The Sheriff's Office says the 21-year-old briefly joined friends to settle a grudge, and with one blow to the head, ended the life of the Sickles High School senior.
By AMY HERDY, Times Staff Writer
© St. Petersburg Times, published June 1, 2002
TAMPA -- Alan Thompson was stocking shelves overnight at a Kash n' Karry, authorities say, when two friends arrived with a gray Honda and a grudge.
They wanted his help with some payback. A few minutes earlier at a nearby Steak n Shake, a teenager had challenged them with a taunt: "What are you looking at?"
Thompson and a co-worker threw down their aprons, left the store and climbed into the Honda. A surveillance camera recorded the time as 3:48 a.m.
The four young men drove 1 1/2 miles to the parking lot of the Citrus Park Steak n Shake, investigators say, where a crowd of teenagers were hanging out.
Thompson, 21, unfolded his 6-foot-5, 190-pound frame from the rear of the Honda, punched 18-year-old Christopher Fannan once in the temple, then fled with his friends back to the grocery store, said Hillsborough sheriff's Chief Deputy David Gee.
A surveillance camera recorded the time as 4:01 a.m.
Only 13 minutes had passed.
Fannan, who had not taken part in the initial exchange, was eating sunflower seeds and never said a word, Gee said. The Sickles High School senior lost consciousness, fell to the ground and was pronounced dead later that day, May 19, at St. Joseph's Hospital.
On Friday afternoon, sheriff's investigators arrested Thompson and charged him with second-degree murder.
Although Thompson said he was working when Fannan was killed, Gee said the surveillance tapes show him leaving and returning to the store about the time the fatal punch was thrown.
The three other men involved in the fight have been identified but are not in custody. Gee said they are cooperating with authorities. A 1993 gray Honda was recovered in the Odessa area and impounded.
As authorities outlined the case during a news conference Friday, Fannan's mother, Cyndi Fannan, stood nearby, tightly gripping her husband's hand with both of her own.
Later, Mrs.

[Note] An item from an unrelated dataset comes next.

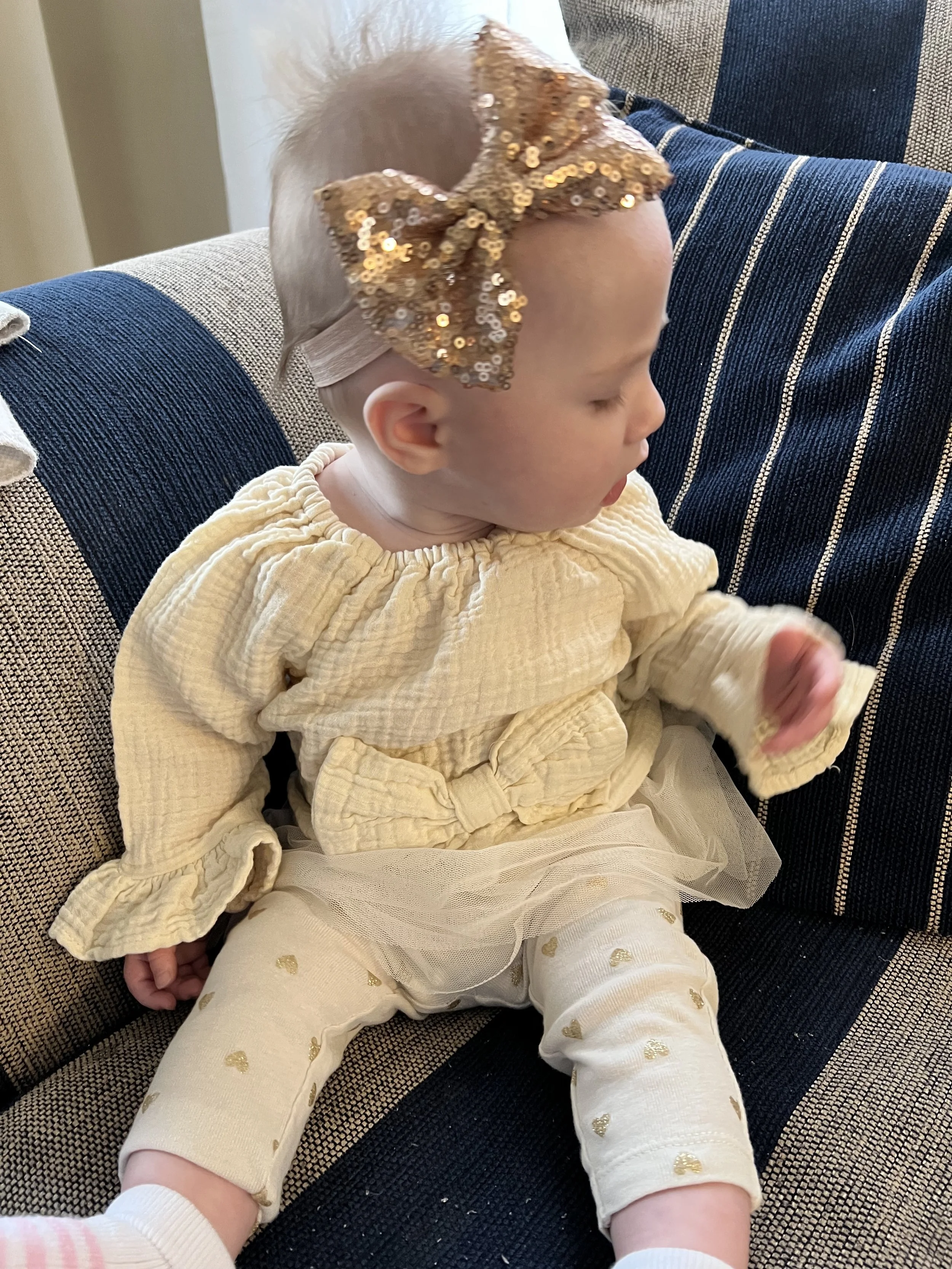 At her 6-month checkup, she was weighing 15lbs, 9 oz. She was all smiles and giggles until she had to get her shots. ☹️ Thankfully, the tears were short-lived and she was back to her happy self in no time. This month Lyla got really comfortable with moving her body. She tried sitting up by herself, rolled over from her back to tummy, wiggled out of her swing at daycare, and loves arching her back when going into the car seat. So I think it’s safe to say she still isn’t a fan of going into the car seat. I will say it’s slowly getting better though! We’ve learned that show tunes seem to do the trick (Are you going in the car, car, car, and go zoom, zoom, zoom? ). The daycare ladies say Lyla’s got abs of steel because every time she has tried to sit up by herself she lifts her head and feet off the floor. Maybe I should hire her as my personal trainer! 😉 She also has really started to enjoy jumping on her legs. Our girl just loves to move!

Fannan said she was grateful the Sheriff's Office had found the men authorities say were responsible for Christopher's death.
"They all had the intention to do harm," she said, "and it happened to be my son."

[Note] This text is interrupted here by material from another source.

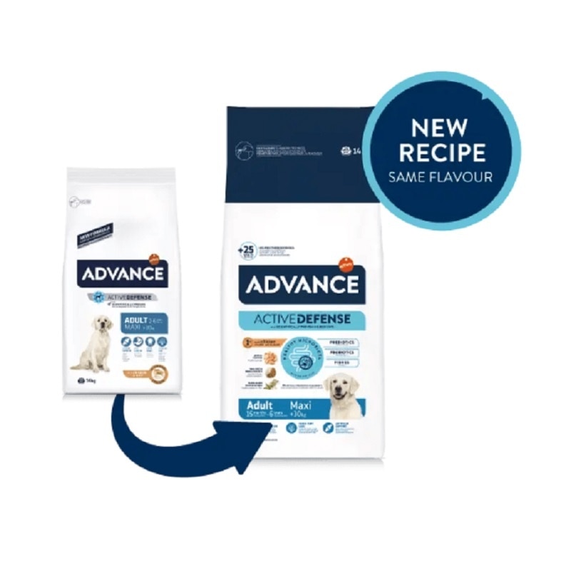 Advance Adult Maxi 是一种易于消化的优质食品,其配方可满足大型成年犬的需求。以鸡肉为第一原料制成。优质蛋白质水平有助于维持肌肉质量,欧米伽 3 和欧米伽 6 脂肪酸有助于健康皮肤和光泽皮毛。 主要成分 在 Advance,我们采用优质原料准备食谱,以确保良好的营养。我们的成人 Maxi 食谱以鸡肉作为第一种成分制成,我们将未经加工的鸡肉融入食谱中,用自己的汁液烹饪肉。鸡肉是蛋白质和维持组织和良好肌肉状况所需氨基酸的绝佳来源。 成份 鸡肉(16%)、全谷类(15%)、脱水家禽蛋白、全玉米、米(10%)、家禽脂肪、玉米粉、脱水猪肉蛋白、脱水豌豆(4%)、水解动物蛋白(家禽、猪肉) 、鱼)、玉米蛋白、甜菜浆(1.5%)、豌豆纤维、小麦中粉、矿物质、菊苣菊粉(0.4%)、猪肉血浆蛋白(免疫球蛋白的天然来源)(0.4%)、葡萄糖胺(390毫克/公斤) ,硫酸软骨素(335 毫克/公斤)。 营养分析 维生素A27000国际单位 维生素 D31200 国际单位 维生素E500毫克 维生素 C70 毫克 牛磺酸1200毫克 一水合硫酸铁 (II)260 毫克(Fe:86 毫克) 碘化钾1.9毫克(I:1.4毫克) 五水合硫酸铜(II)33 mg(Cu:8.8 mg) 一水硫酸锰123毫克(Mn:40毫克) 一水硫酸锌406毫克(锌:148毫克) 亚硒酸钠0.2毫克(Se:0.1毫克) 动物技术添加剂:肠道菌丛稳定剂:贝莱斯芽孢杆菌 DSM 155441x109 cfu。 含抗氧化剂。 分析成分 25% 粗蛋白 14.2% 粗脂肪 3%粗纤维 6.5% 粗灰分 0.25% 欧米伽 3 2.7% 欧米伽 6

Of Thompson, she said, "I would just like to meet him and say, why?"
While being escorted by deputies into the Sheriff's Office, Thompson, wearing a backwards red baseball cap and a heavy scowl, cursed at reporters.

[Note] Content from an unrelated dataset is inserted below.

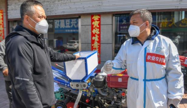 4月13日,在吉林市桦皮厂镇,吉林市农业机械化技术推广中心主任张守国(右)指导农民选购农机。吉林市农业农村局开辟备春耕运输“绿色通道”,将农资农机按时按需送到农民所在村屯。新华社记者 张楠 摄
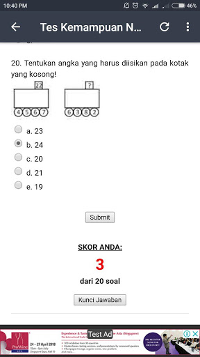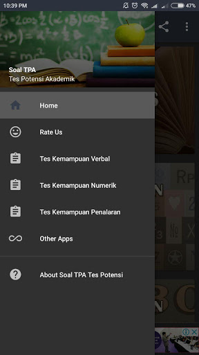 Aplikasi Soal TPA Tes Potensi Akademik Lengkap adalah aplikasi berisi simulasi interaktif soal TPA Tes Potensi Akademik untuk membantu Anda dalam mempersiapkan diri mengikuti ujian TPA untuk keperluan tes masuk kerja, kuliah, beasiswa, dll. Soal-soal dalam aplikasi ini berbentuk pertanyaan pilihan ganda, dengan disertai kunci jawaban di bagian akhirnya.

"I didn't do a . . . thing," he said when asked whether he meant to kill Fannan.
Gee said Thompson, who graduated from Sickles High in 1999, did not appear to know Fannan.
"Apparently, someone in the crowd who stood near Christopher made the remark," Gee said.
Records show that Thompson, whose nickname is "Lil Ghost," was arrested Feb. 14 on charges of uttering a forged instrument and fraudulent use of a credit card. Those cases are ongoing.
He was arrested last year for possession and distribution of marijuana. The disposition of those cases could not be determined late Friday.
Jeff Johnson, a manager at the Kash n' Karry store on Lynn Turner and Ehrlich roads where Thompson worked, said Thompson was still an employee of the store.
A woman who identified herself as Thompson's mother declined to comment when reached at her Pinnacle of Carrollwood apartment off Lynn Turner Road.
Gee said a witness at the Steak n Shake identified Thompson shortly after the incident, but Gee said the young man had what at first appeared to be an iron-clad alibi: He was working.
On closer scrutiny, Gee said, "The alibi began to fall apart."
Although Thompson and his friend did not clock out when they left the Kash n' Karry, the store's cameras caught them leaving and returning 13 minutes later, Gee said.
That was long enough to have committed the crime, he said.
Mrs. Fannan said she will never recover from the loss of her son. Nor, she said, would Thompson's mother.
"I feel sorry for his family," she said. "It's destroyed ours."
But Thompson made that decision, she said.
"He made that choice -- to throw that punch -- and he's still alive," Mrs. Fannan said. "My son is not."
Christopher Fannan's sister, who turned 8 the day after his death, was able to return to school, she said, but still has difficulty talking about her brother.
"The days are busy; the nights are bad," Mrs. Fannan said. "I keep thinking he's coming in the door."